> Required action
Starting from the line with "La Junta Directiva" and going up to and including the line with "సిఎఫ్ఎల్ కార్యకర్తలచే 'అమెరికా", copy the listing below exactly. Leave all images out.

> Source records

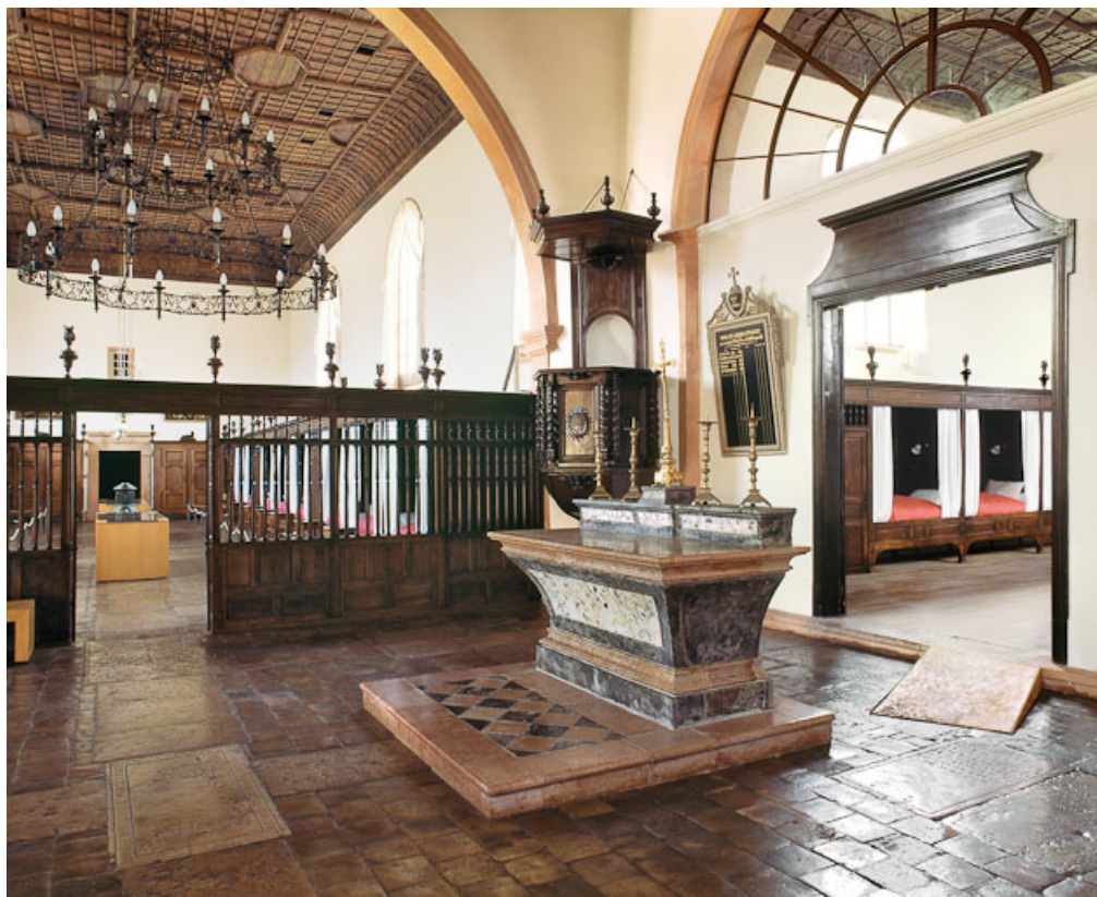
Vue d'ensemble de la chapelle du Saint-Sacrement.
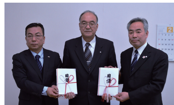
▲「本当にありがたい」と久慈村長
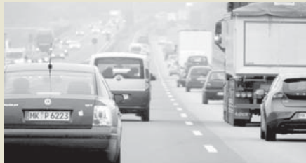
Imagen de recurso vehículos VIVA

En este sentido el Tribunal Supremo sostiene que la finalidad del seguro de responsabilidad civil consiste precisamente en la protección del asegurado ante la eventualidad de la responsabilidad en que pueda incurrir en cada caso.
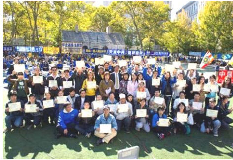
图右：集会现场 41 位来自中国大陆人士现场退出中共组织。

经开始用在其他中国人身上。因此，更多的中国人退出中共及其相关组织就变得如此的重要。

* * *

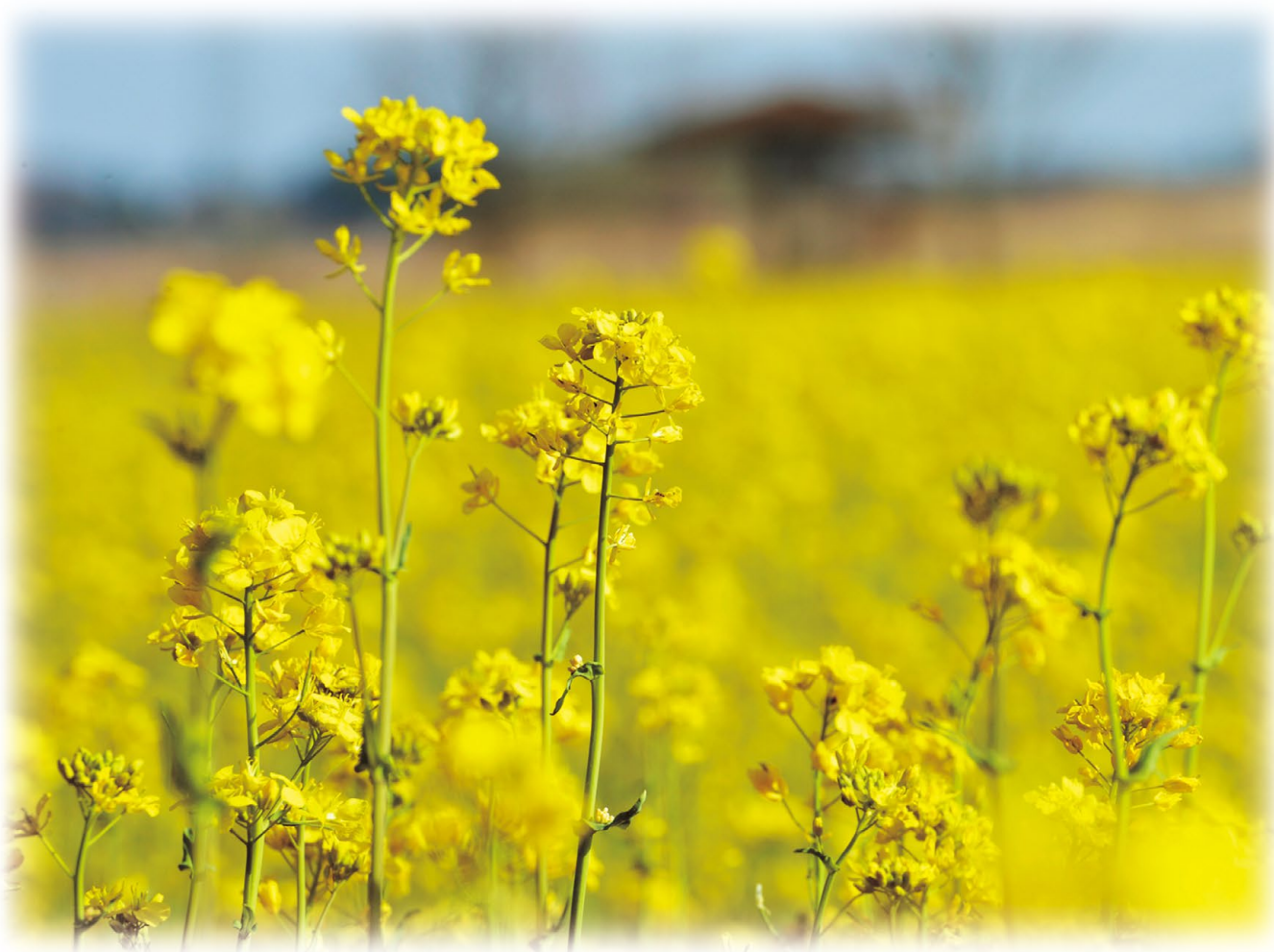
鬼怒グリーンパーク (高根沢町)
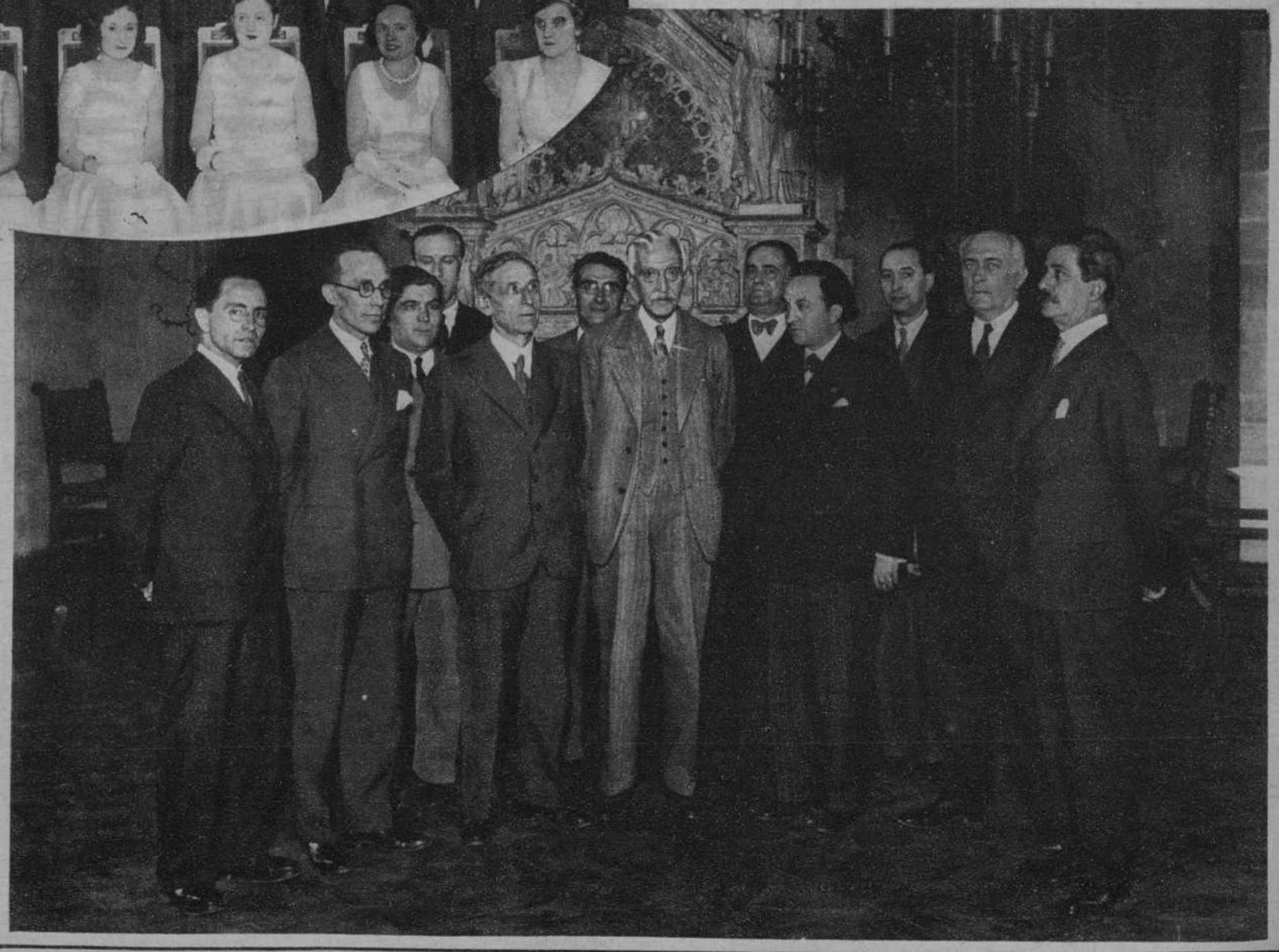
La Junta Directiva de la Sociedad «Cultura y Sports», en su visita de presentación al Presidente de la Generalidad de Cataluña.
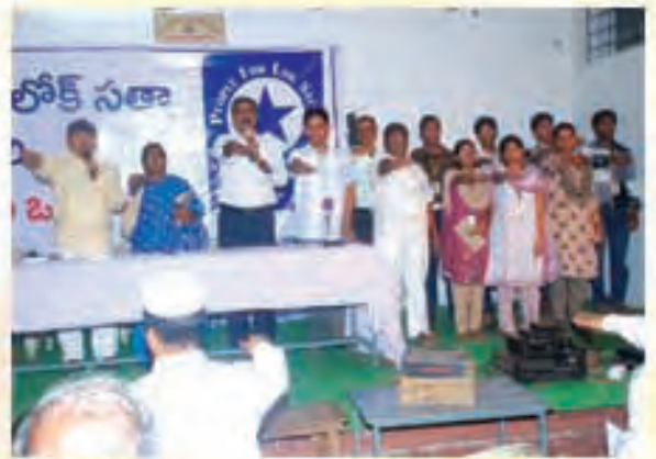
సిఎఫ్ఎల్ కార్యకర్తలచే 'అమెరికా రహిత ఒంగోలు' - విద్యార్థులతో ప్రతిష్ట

> Output of the task
La Junta Directiva de la Sociedad «Cultura y Sports», en su visita de presentación al Presidente de la Generalidad de Cataluña.
సిఎఫ్ఎల్ కార్యకర్తలచే 'అమెరికా రహిత ఒంగోలు' - విద్యార్థులతో ప్రతిష్ట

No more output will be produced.